В одном лице — страница 26 из 94

Ларри — самый что ни на есть пассив — вечно плакался (пусть и не без кокетства), как я его не понимаю.

— Тоже мне нашелся свободомыслящий! — сказал он мне однажды, всхлипывая. — Можешь сколько угодно рассказывать, что тебе нравятся и женщины тоже, или делать вид, что они тебе нравятся, но по-настоящему закоснелый тип из нас двоих вовсе не я!

В Нью-Йорке конца семидесятых, когда мы все еще встречались, но вместе уже не жили, — Ларри называл семидесятые «благословенной эпохой промискуитета» — однозначно определить чью-то сексуальную роль можно было только в откровенно «кожаных» барах: платок в левом заднем кармане обозначал актива, а в правом — пассива. Голубой платочек означал секс, красный — фистинг; а, да какая теперь разница! Была еще такая жутко бесившая меня примета: где висят ключи — справа или слева от пряжки ремня на джинсах.
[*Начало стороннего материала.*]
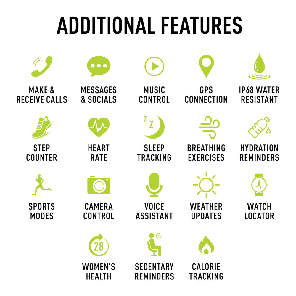 Amoled Οθόνη,Bluetooth 5.0,WhatsApp,Απάντηση κλήσεων,Ασκήσεις αναπνοής,Διπλή Ένδειξη Ώρας (Χρήση στο Εξωτερικό),Δυνατότητα Μόνιμα Ενεργής Οθόνης,Ειδοποιήσεις social media,Ειδοποιήσεις για τον καιρό,Ειδοποίηση κλήσεων,Έλεγχος μουσικής,Ενημέρωση ενυδάτωσης,Έξυπνες ειδοποιήσεις και εμφάνιση μηνυμάτων SMS,καταγραφή αθλητικής δραστηριότητας,Λειτουργία εύρεσης ρολογιού,Λειτουργία εύρεσης τηλεφώνου,Μέτρηση απόστασης, Μέτρηση θερμίδων,Μετρητής βημάτων, Παρακολούθηση ύπνου,Προσφέρει λειτουργία υπενθύμισης έμμηνου κύκλου για τις κυρίες, Σύνδεση GPS, Χειρισμός κάμερας από απόσταση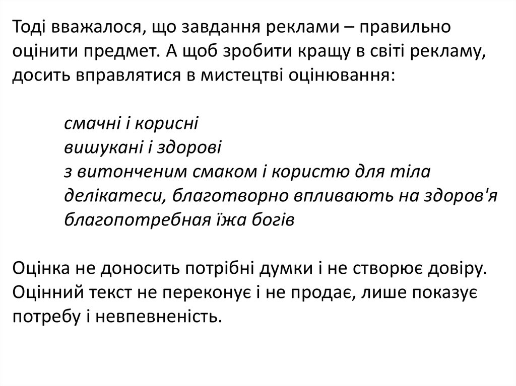 Тоді вважалося, що завдання реклами – правильнооцінити предмет. А щоб зробити кращу в світі рекламу,
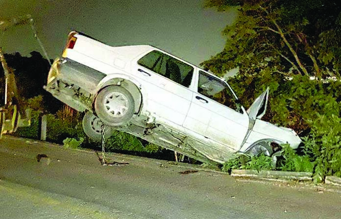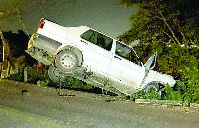 El percance sucedió a la altura del lugar conocido como el desvío de la Cruz, en donde de acuerdo al conductor de un Volkswagen Jetta de color blanco, perdió el control luego de que un motociclista invadiera su carril y para evitar el choque decidió salir de la cinta asfáltica y colisionó contra unas piedras. Tras el aparatoso impacto, el chofer y dos de sus acompañantes resultaron con lesiones por lo que fueron auxiliados por pobladores quienes inmediatamente pidieron ayuda al 911.

В Нью-Йорке я не обращал внимания, с какой стороны цепляю ключи, и ко мне вечно приставали какие-нибудь разбирающиеся в сигналах активы, а я-то и сам был актив! (Порой это действовало на нервы.)

Даже в конце семидесятых, почти через десять лет после освобождения геев, гомосексуалы постарше — старше не только меня, но и Ларри, — считали, что вовсе не обязательно так явно сообщать о своих предпочтениях. («И почему нужно непременно раскрывать все тайны? Разве тайна — не самое волнительное, что есть в сексе?»)

Мне нравилось выглядеть как гей — или, по крайней мере, походить на гея настолько, чтобы другие геи на меня засматривались. Но при этом мне хотелось, чтобы девушки и женщины задавались вопросом о моей ориентации — и тоже оборачивались, чтобы взглянуть на меня еще раз. Я хотел сохранить что-нибудь вызывающе мужественное в своей внешности. («Что, сегодня пытаешься выглядеть поактивнее?» — как-то раз спросил меня Ларри. И да, наверное, так оно и было.)

Помню, когда мы репетировали «Бурю», Ричард сказал, что пол Ариэля «изменчив»; еще он сказал, что и пол ангелов тоже изменчив.

«На усмотрение режиссера?» — спросил тогда Ричарда Киттредж.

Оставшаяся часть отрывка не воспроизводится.